━━━━━ Records to use ━━━━━
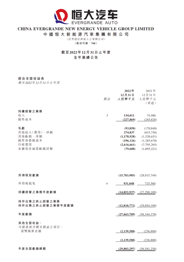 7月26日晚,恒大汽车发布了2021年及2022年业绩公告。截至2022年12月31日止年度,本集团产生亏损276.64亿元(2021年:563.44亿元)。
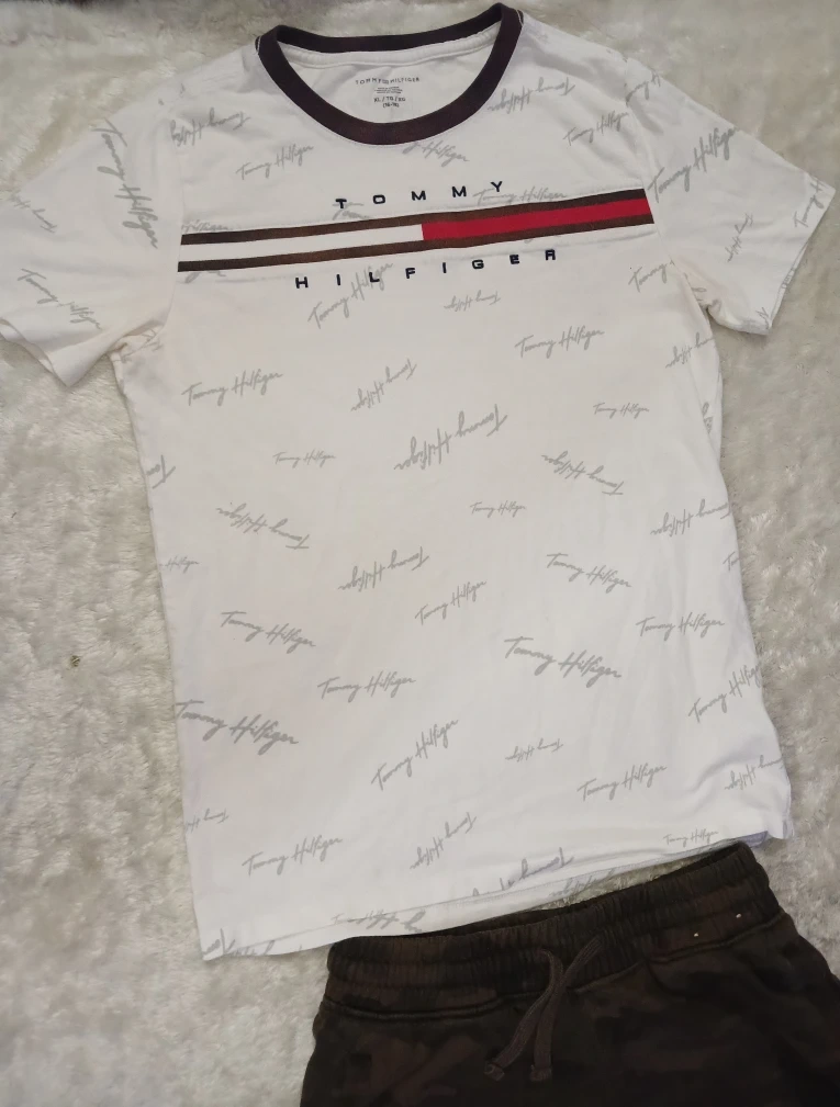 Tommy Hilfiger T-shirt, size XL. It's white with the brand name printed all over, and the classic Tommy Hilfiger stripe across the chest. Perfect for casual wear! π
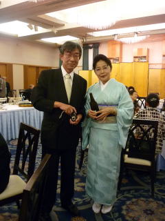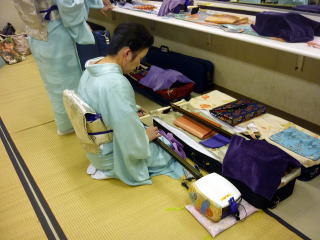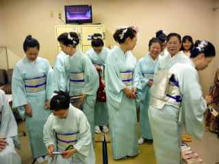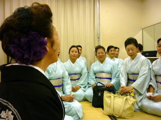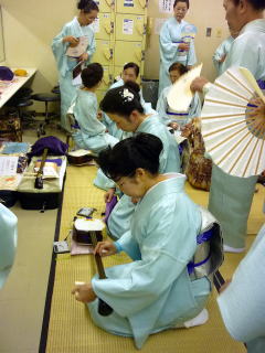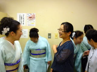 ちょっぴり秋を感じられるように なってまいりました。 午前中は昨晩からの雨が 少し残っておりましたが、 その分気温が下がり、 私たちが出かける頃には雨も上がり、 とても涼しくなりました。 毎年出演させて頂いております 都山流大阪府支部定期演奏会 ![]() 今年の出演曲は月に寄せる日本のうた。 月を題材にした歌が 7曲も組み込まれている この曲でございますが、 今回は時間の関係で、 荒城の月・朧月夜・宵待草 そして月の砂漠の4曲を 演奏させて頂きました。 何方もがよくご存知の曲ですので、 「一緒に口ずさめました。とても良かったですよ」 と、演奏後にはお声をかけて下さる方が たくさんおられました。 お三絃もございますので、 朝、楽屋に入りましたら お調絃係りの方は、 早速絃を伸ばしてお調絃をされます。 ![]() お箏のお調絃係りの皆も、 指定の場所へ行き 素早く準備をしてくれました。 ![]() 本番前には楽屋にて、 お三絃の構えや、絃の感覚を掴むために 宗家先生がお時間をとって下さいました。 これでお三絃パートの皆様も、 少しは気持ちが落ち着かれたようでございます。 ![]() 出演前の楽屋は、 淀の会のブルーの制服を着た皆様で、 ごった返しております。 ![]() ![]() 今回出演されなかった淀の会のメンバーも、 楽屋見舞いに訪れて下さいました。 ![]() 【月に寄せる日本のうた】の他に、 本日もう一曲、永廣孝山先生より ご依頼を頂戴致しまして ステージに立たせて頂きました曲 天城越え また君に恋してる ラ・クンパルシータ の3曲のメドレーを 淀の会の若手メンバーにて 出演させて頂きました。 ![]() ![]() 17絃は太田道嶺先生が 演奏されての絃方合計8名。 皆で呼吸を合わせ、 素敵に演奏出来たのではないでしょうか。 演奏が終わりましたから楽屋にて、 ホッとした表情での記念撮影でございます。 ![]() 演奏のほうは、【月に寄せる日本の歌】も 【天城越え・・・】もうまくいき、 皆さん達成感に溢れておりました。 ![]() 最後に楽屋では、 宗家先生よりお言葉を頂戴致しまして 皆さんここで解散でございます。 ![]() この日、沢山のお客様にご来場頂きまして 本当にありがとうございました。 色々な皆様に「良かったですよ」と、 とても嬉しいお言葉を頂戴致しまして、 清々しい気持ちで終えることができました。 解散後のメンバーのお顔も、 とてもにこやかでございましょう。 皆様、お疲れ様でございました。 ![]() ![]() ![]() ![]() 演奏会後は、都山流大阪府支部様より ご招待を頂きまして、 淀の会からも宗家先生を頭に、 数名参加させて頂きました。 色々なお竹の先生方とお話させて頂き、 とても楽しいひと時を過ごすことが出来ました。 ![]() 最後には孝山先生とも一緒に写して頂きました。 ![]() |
━━━━━
━━━━━ Records to use ━━━━━
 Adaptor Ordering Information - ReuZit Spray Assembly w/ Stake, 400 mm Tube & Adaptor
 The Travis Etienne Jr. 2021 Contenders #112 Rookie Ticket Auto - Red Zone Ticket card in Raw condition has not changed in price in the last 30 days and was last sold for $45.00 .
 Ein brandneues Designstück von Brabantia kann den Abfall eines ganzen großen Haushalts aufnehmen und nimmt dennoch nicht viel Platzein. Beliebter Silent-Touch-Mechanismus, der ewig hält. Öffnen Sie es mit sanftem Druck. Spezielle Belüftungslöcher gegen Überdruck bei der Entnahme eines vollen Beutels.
━━━━━
__Task__. From the material above, retype precisely the lines between the line holding "The Travis Etienne" and the line holding "Ein brandneues Designstück", inclusive, and nothing beyond them.

__Answer box__.
 The Travis Etienne Jr. 2021 Contenders #112 Rookie Ticket Auto - Red Zone Ticket card in Raw condition has not changed in price in the last 30 days and was last sold for $45.00 .
 Ein brandneues Designstück von Brabantia kann den Abfall eines ganzen großen Haushalts aufnehmen und nimmt dennoch nicht viel Platzein. Beliebter Silent-Touch-Mechanismus, der ewig hält. Öffnen Sie es mit sanftem Druck. Spezielle Belüftungslöcher gegen Überdruck bei der Entnahme eines vollen Beutels.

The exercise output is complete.